“I didn’t want to do interviews for years. It was dangerous to know anything.”
After more than two decades, Leila Steinberg, former mentor and manager of Tupac Shakur, is one of several people featured in a new documentary who have now spoken out about the events surrounding the rapper’s murder in September 1996, and the killing of his one-time friend and contemporary Christopher Wallace, The Notorious BIG, six months later.
Two of the world’s greatest hip-hop talents, their murders have never been officially solved and speculation and theories about who pulled the triggers – and who was pulling the strings – rumble on. A search for information can take you down a rabbit hole of hundreds of reports and accounts gathered over 25 years.
It is a complex story of rivalry, gang culture and alleged police corruption. But many accounts of the time seem to come back to one man: Suge Knight, the co-founder of the infamous West Coast rap label Death Row, and rival of Sean “Puffy” Combs and his East Coast label, Bad Boy.
In September 2018, three years after running over and killing an associate in Compton, Los Angeles, Knight was jailed for manslaughter for 28 years. It is his imprisonment, says filmmaker Nick Broomfield, whose 2002 documentary Biggie & Tupac led to now retired FBI agent Phil Carson investigating Wallace’s murder, that was a turning point; with Knight’s power diminished, those who once worked for him and knew him felt freer to talk.
Steinberg is one of several people featured in Broomfield’s follow-up, Last Man Standing, which sees the director revisiting the story almost 20 years later. The documentary paints a picture of Death Row as a workplace entrenched in violence and misogyny, and features new testimonies supporting the theory that Knight commissioned the hit on Biggie – with “dirty cops” from the Los Angeles Police Department (LAPD) allegedly involved.

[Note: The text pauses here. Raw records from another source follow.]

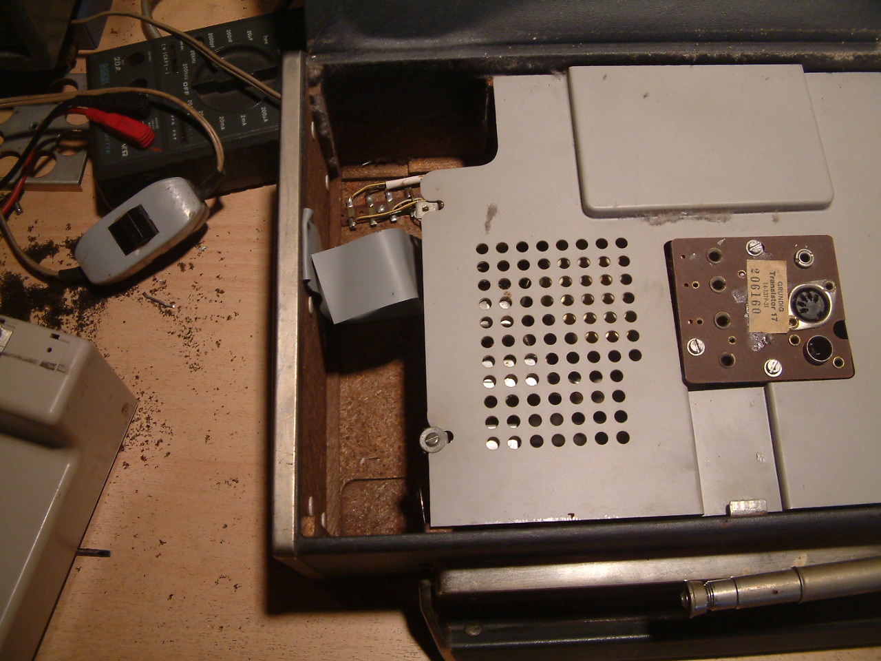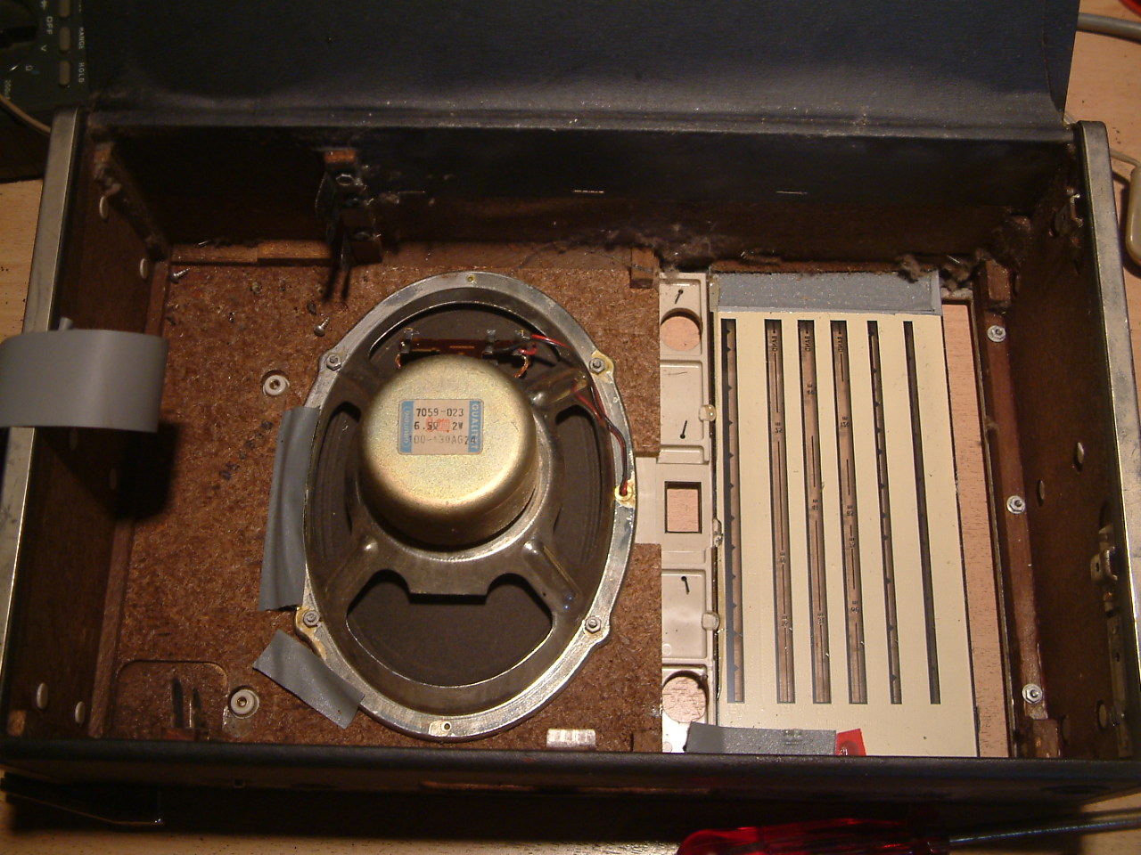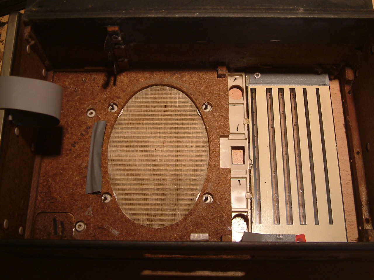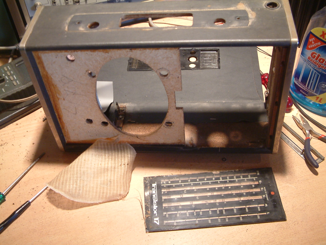 Der Lautsprechergrill, der nach vorn entnommen wird, ist mit einer Art von Phenolharzpampe mit dem Skalenscheibchen welches nach hinten entnommen werden muß, verklebt. Es bleibt kein anderer Weg als diese Verbindung sorgfältig und behutsam zu lösen. Das klebezeug zieht sich wie Kaugummi dabei, wenn es lang genug gezogen ist kann man es mit dem Teppichmesser durchschneiden...
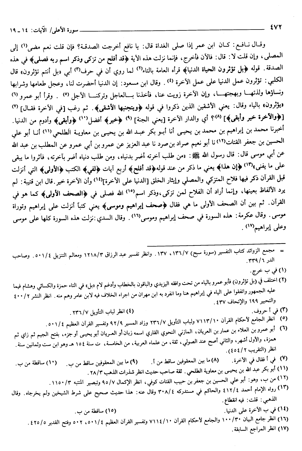 قوله: {بَلْ تُؤْثِرُونَ الْحَيَاةَ الدُّنْيَا} [الأعلى: 16] قرأه العامة بالتاء، لما روي أن في حرف أبي: بل أنتم تؤثرون، قال الكلبي: تؤثرون عمل الدنيا على عمل الآخرة.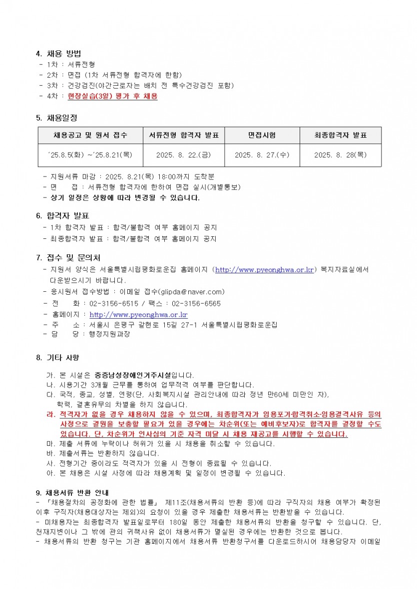 시립평화로운집 제6차 신입직원 채용공고(생활지도원) 페이지 정보 작성자 한동주 작성일 25-08-05 16:09 조회 7,684회 댓글 0건 첨부파일 파일 시립평화로운집 입사지원서이력서,자기소개서및개인정보동의서.hwp (54.0K) 106회 다운로드 DATE : 2025-08-05 16:10:16 파일 2025년 6차 생활지도원채용공고.pdf (68.3K) 100회 다운로드 DATE : 2025-08-05 16:10:16 본문 이전글 다음글 목록 답변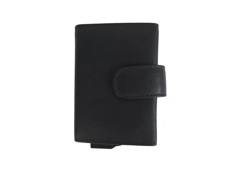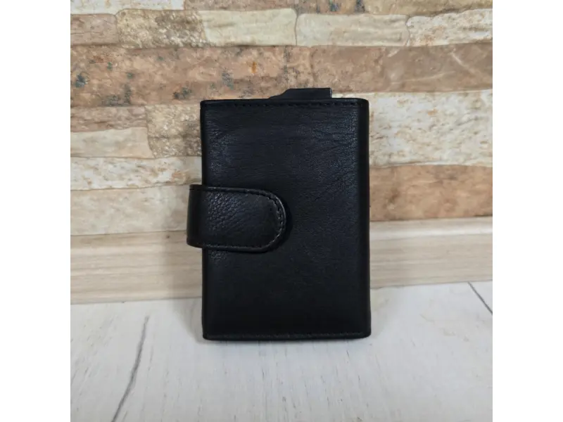 Стилен автоматичен държач за карти - Автоматичен държач за карти от естествена кожа. - Алуминиева сплав с автоматично изваждане на карти. - Отделение за карти и лични документи. - Заден джоб с цип.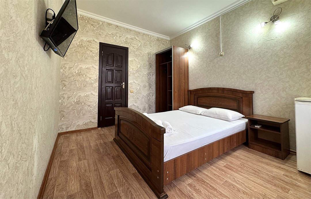 Уютные номера, оборудованные всей необходимой мебелью и техникой – тв, холодильник, кондиционер. Сан узел в номере. Кухня общая. Размещение – двуспальные, односпальные кровати.Услуги и удобства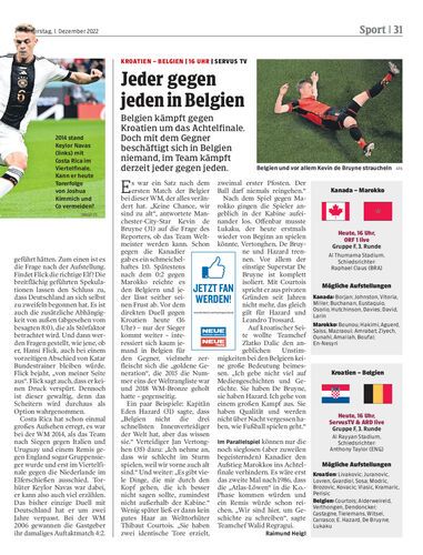 Belgien kämpft gegen Kroatien um das Achtelfinale. Doch mit dem Gegner beschäftigt sich in Belgien niemand, im Team kämpft derzeit jeder gegen jeden.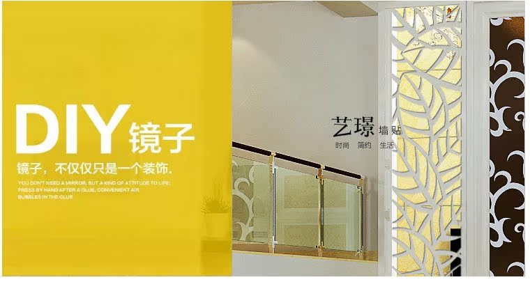 1.5MM厚金色鏡面背膠小藝璟 樹葉亞克力水晶鏡面立體墻貼 客廳電視背景墻影視墻裝飾貼

These are not new accusations; claims about Knight and the alleged involvement of corrupt police were made years ago by LAPD officer Russell Poole, a leading investigator in the Biggie case who was “vilified” by the force, says Broomfield. Poole, who featured in the first documentary, retired early and went on to continue his investigations privately, the case consuming his life; he died after suffering an aneurysm in 2015, while discussing the Tupac and Biggie murders at the Los Angeles County Sheriff’s Department.
The LAPD told Sky News it did not want to comment on the claims and the documentary, but has previously denied the allegations. A legal representative for Knight did not respond to Sky News’ request for comment.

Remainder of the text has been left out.